Thread-safe: Can be called from multiple goroutines (provider, re-auth worker).
func (*ConnReAuthCredentialsListener) OnNext ¶
func (c *ConnReAuthCredentialsListener) OnNext(credentials auth.Credentials)
OnNext is called when new credentials are received from the StreamingCredentialsProvider.
This method marks the connection for asynchronous re-authentication. The actual re-authentication happens in the background when the connection is returned to the pool and is in an idle state.
Asynchronous re-auth is used to:
- Avoid blocking the credentials provider's notification goroutine
- Prevent deadlocks with the pool's semaphore (especially with small pool sizes)
- Ensure re-auth happens when the connection is safe to use (not processing commands)
The reAuthFn callback receives:
- nil if the connection was successfully acquired for re-auth
- error if acquisition timed out or failed
Thread-safe: Called by the credentials provider's notification goroutine.
type CredentialsListeners ¶
type CredentialsListeners struct {
// contains filtered or unexported fields
}
CredentialsListeners is a thread-safe collection of credentials listeners indexed by connection ID.
This collection is used by the Manager to maintain a registry of listeners for each connection in the pool. Listeners are reused when connections are reinitialized (e.g., after a handoff) to avoid creating duplicate subscriptions to the StreamingCredentialsProvider.
The collection supports concurrent access from multiple goroutines during connection initialization, credential updates, and connection removal.

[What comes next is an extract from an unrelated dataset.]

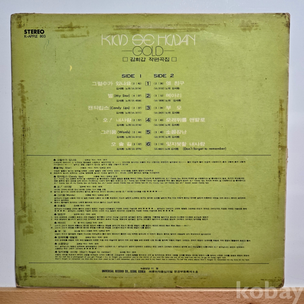 | 자켓상태 | VG : 주름, 접힘, 모서리 찢김 다수 | 음반상태 | EX : 재생에 영향 없는 가벼운 기스 존재 | 발매정보 | 초반 | 가사지여부 | 무 |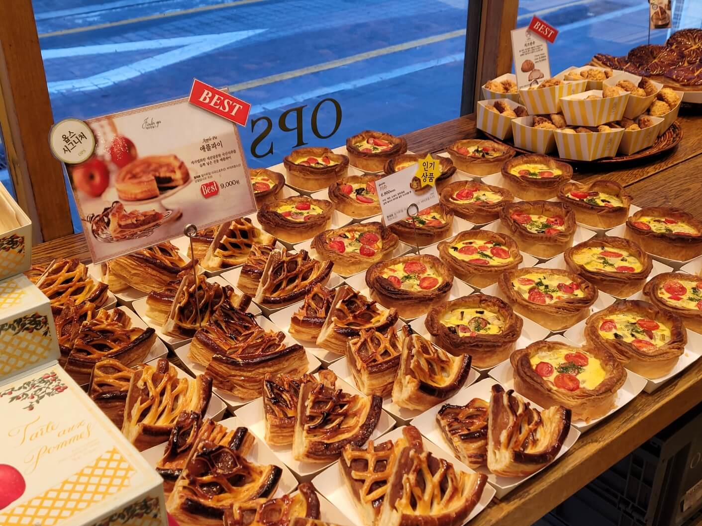 저는 이 날 아침 8시에 방문했는데 빵이 나오는 중이었고, 슈크림은 9시에 나온다해서 크림치즈 데니쉬와 애플파이만 구입해서 먹어보았어요. 아침 일찍 방문해서인지 빵들이 모두 따끈했어요.

func NewCredentialsListeners ¶
func NewCredentialsListeners() *CredentialsListeners
NewCredentialsListeners creates a new thread-safe credentials listeners collection.
func (*CredentialsListeners) Add ¶
func (c *CredentialsListeners) Add(connID uint64, listener auth.CredentialsListener)
Add adds or updates a credentials listener for a connection.
If a listener already exists for the connection ID, it is replaced. This is safe because the old listener should have been unsubscribed before the connection was reinitialized.
Thread-safe: Can be called concurrently from multiple goroutines.
func (*CredentialsListeners) Get ¶
func (c *CredentialsListeners) Get(connID uint64) (auth.CredentialsListener, bool)
Get retrieves the credentials listener for a connection.
Returns:
- listener: The credentials listener for the connection, or nil if not found
- ok: true if a listener exists for the connection ID, false otherwise
Thread-safe: Can be called concurrently from multiple goroutines.
func (*CredentialsListeners) Remove ¶
func (c *CredentialsListeners) Remove(connID uint64)
Remove removes the credentials listener for a connection.
This is called when a connection is removed from the pool to prevent memory leaks. If no listener exists for the connection ID, this is a no-op.
Thread-safe: Can be called concurrently from multiple goroutines.
type Manager ¶
type Manager struct {
// contains filtered or unexported fields
}
Manager coordinates streaming credentials and re-authentication for a connection pool.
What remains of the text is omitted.